▶ [REQUIRED ACTION]
From the first line to the last, copy the listing exactly and omit the images.

▶ [SUPPLIED MATERIAL]
● ● ●
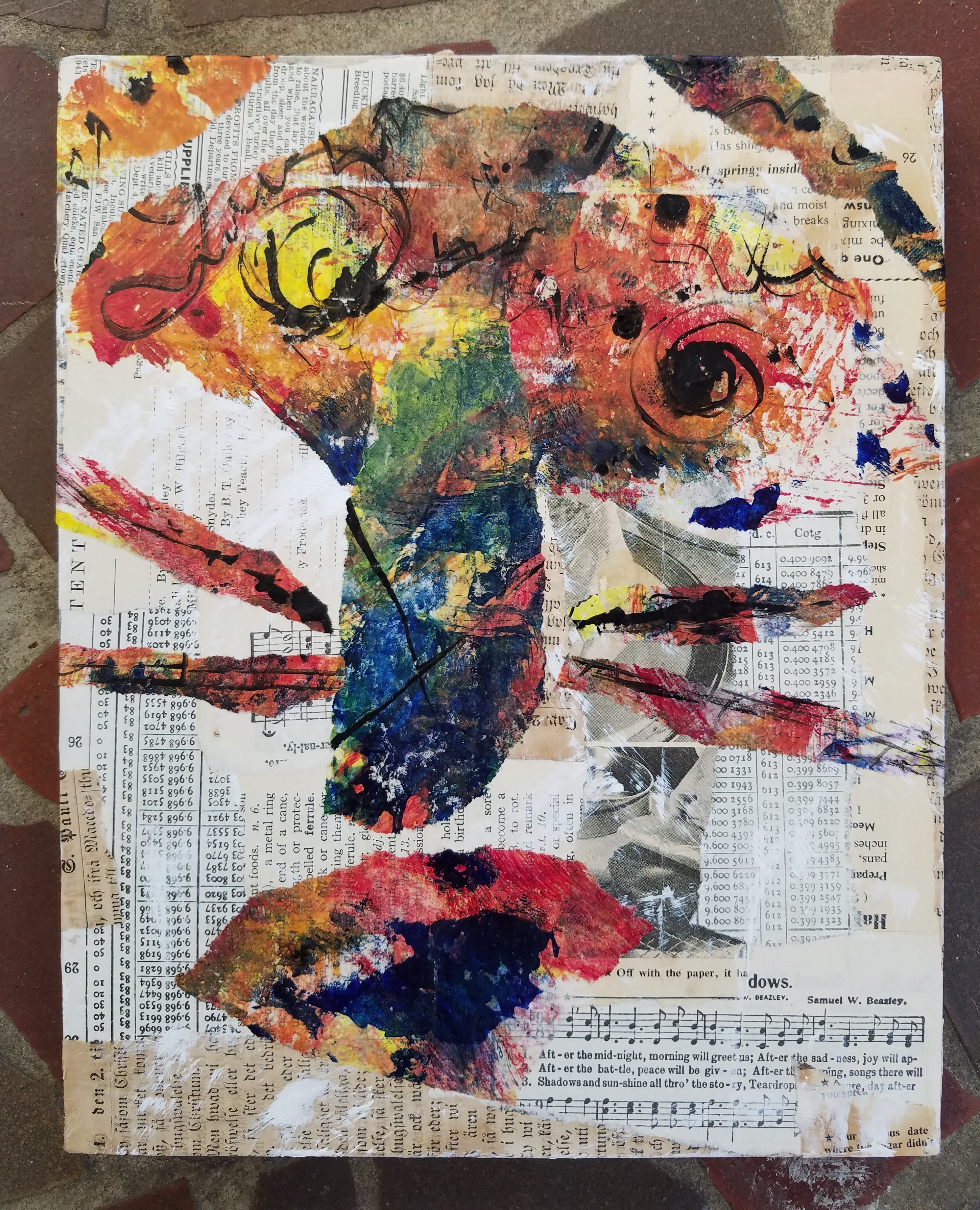Last weekend I had a lot of fun in Leighanna Light’s “Layered Faces” Zoom class. It is definitely not my style but it was a lot of fun and got me out of my head. Here are the photos from my piece after day one and at the end. I got a wild feline feel from the face as it was developing so I went with that. Sandy was all blah about it until I finished and then he was saying “Don’t do another thing to it! It’s perfect!” LOL. I won one of Leighanna’s faces in a random drawing on the second day, so my luck was with me this week.
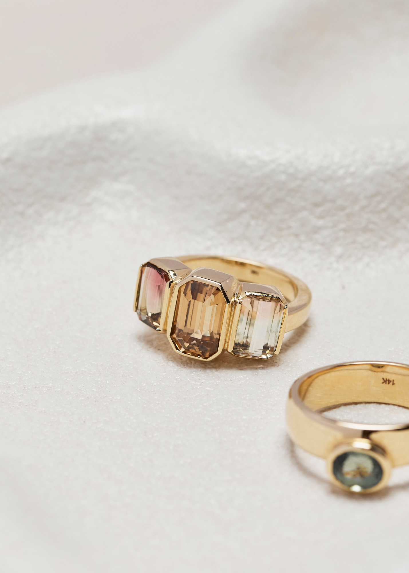 This epic statement ring features 3 handcut baguette Tourmaline stones with peach and bi colour watermelon colouring. The ring has light peachy amber tones and is a stunning statement piece.
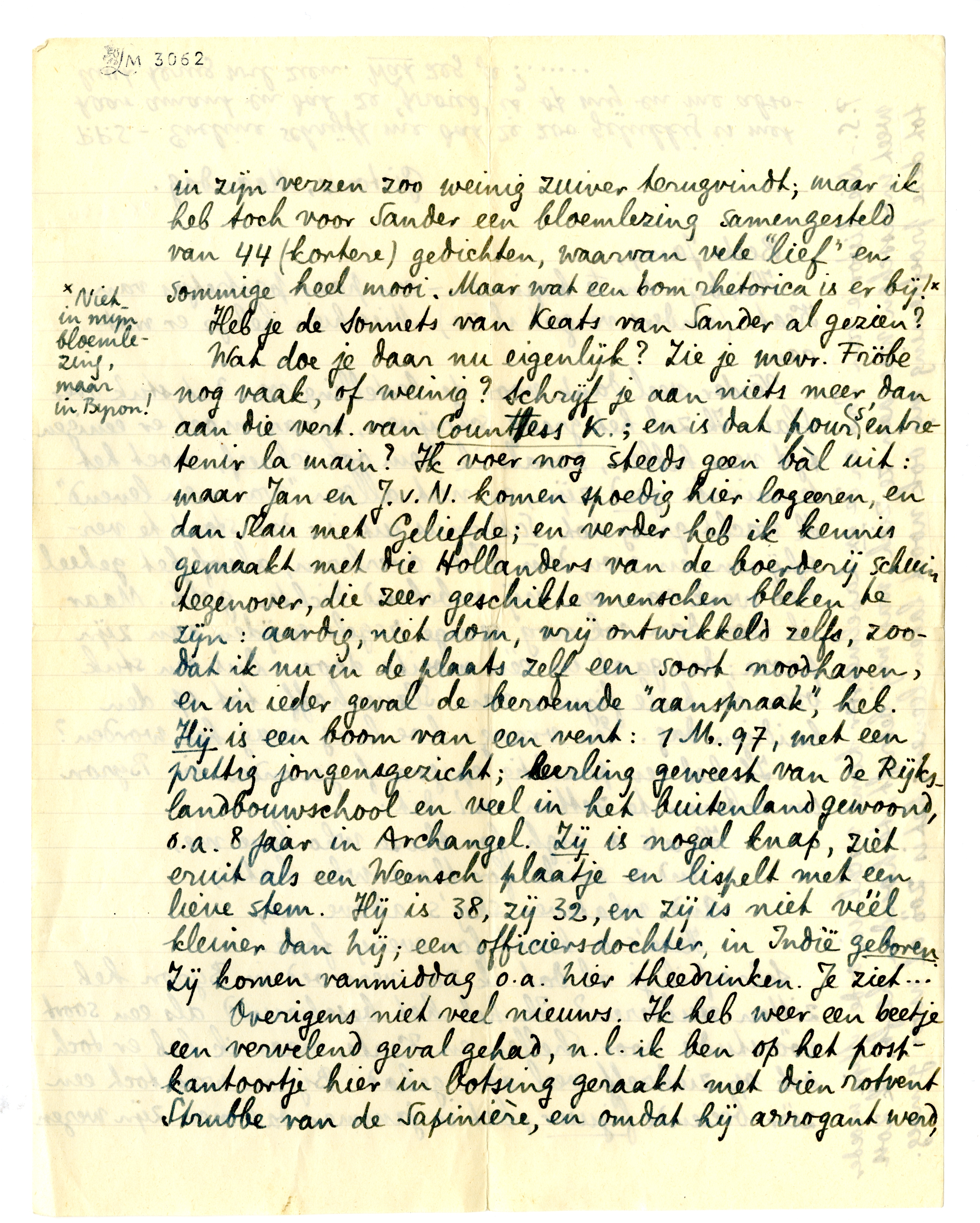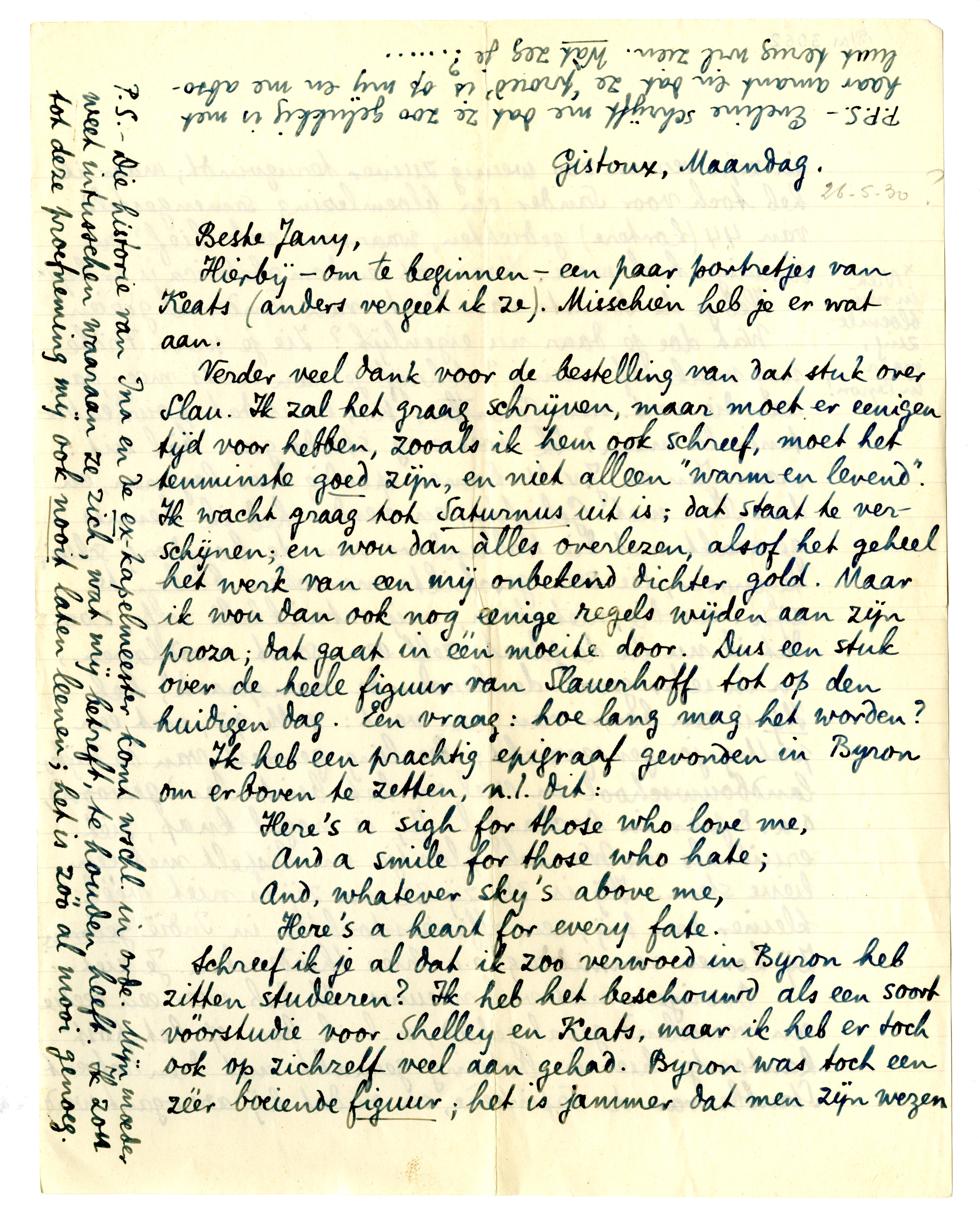 Schreef ik je al dat ik zoo verwoed in Byron heb zitten studeeren? Ik heb het beschouwd als een soort vóórstudie voor Shelley en Keats, maar ik heb er toch ook op zichzelf veel aan gehad. Byron was toch een zéér boeiende figuur; het is jammer dat men zijn wezen in zijn verzen zoo weinig zuiver terugvindt; maar ik heb toch voor Sander een bloemlezing samengesteld van 44 (kortere) gedichten, waarvan vele ‘lief’ en sommige heel mooi. Maar wat een bom rhetorica is er bij!*
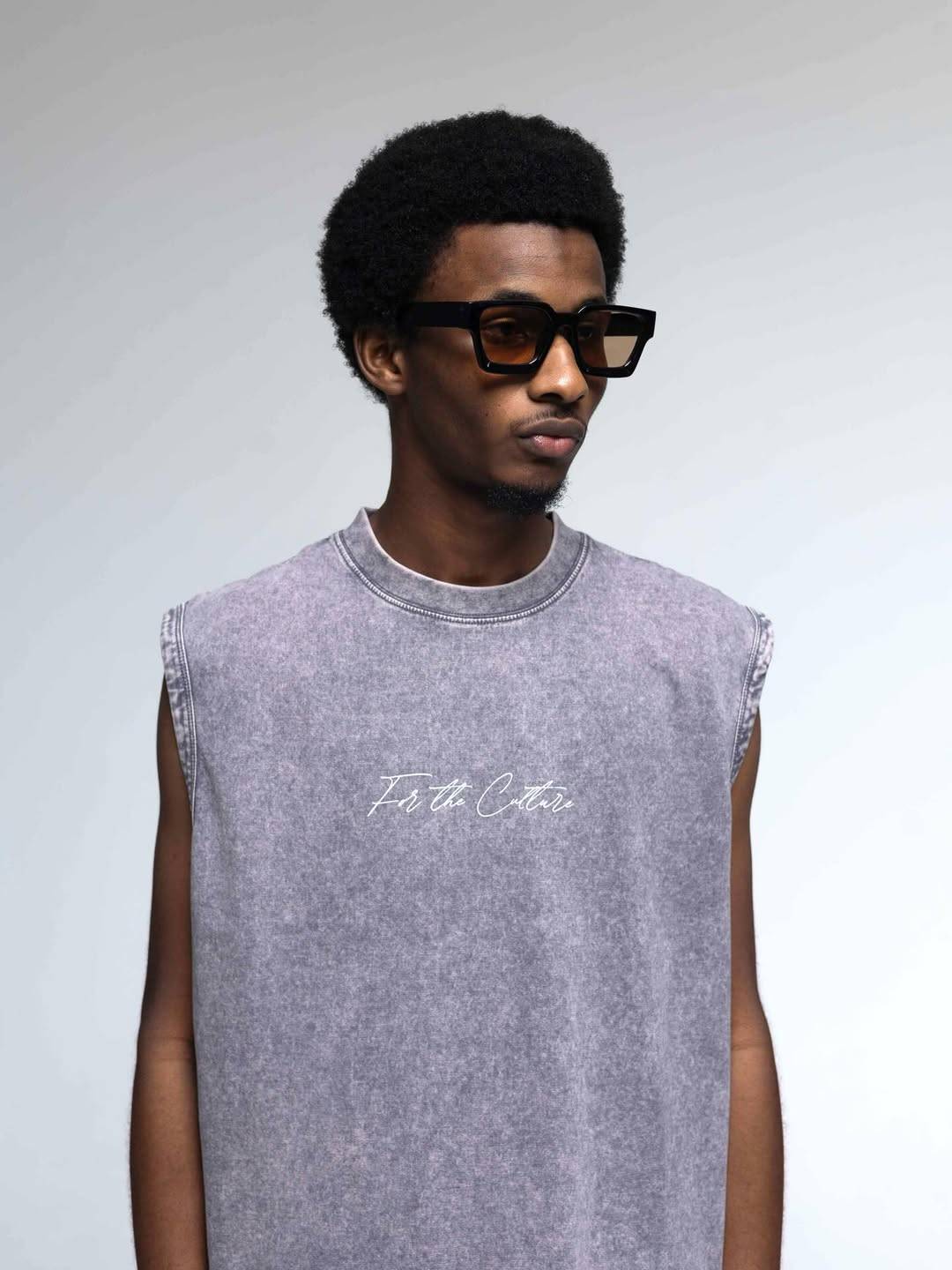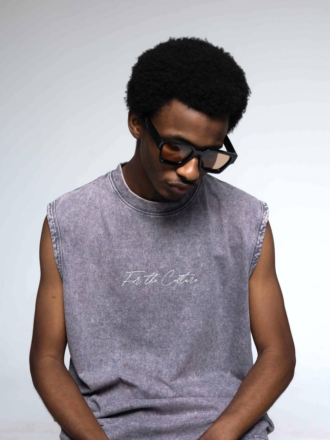 FOR THE CULTURE Acid wash sleeveless teeAvailable in Black and Grey
● ● ●
▶ [EXERCISE SOLUTION]
Last weekend I had a lot of fun in Leighanna Light’s “Layered Faces” Zoom class. It is definitely not my style but it was a lot of fun and got me out of my head. Here are the photos from my piece after day one and at the end. I got a wild feline feel from the face as it was developing so I went with that. Sandy was all blah about it until I finished and then he was saying “Don’t do another thing to it! It’s perfect!” LOL. I won one of Leighanna’s faces in a random drawing on the second day, so my luck was with me this week.
 This epic statement ring features 3 handcut baguette Tourmaline stones with peach and bi colour watermelon colouring. The ring has light peachy amber tones and is a stunning statement piece.
 Schreef ik je al dat ik zoo verwoed in Byron heb zitten studeeren? Ik heb het beschouwd als een soort vóórstudie voor Shelley en Keats, maar ik heb er toch ook op zichzelf veel aan gehad. Byron was toch een zéér boeiende figuur; het is jammer dat men zijn wezen in zijn verzen zoo weinig zuiver terugvindt; maar ik heb toch voor Sander een bloemlezing samengesteld van 44 (kortere) gedichten, waarvan vele ‘lief’ en sommige heel mooi. Maar wat een bom rhetorica is er bij!*
 FOR THE CULTURE Acid wash sleeveless teeAvailable in Black and Grey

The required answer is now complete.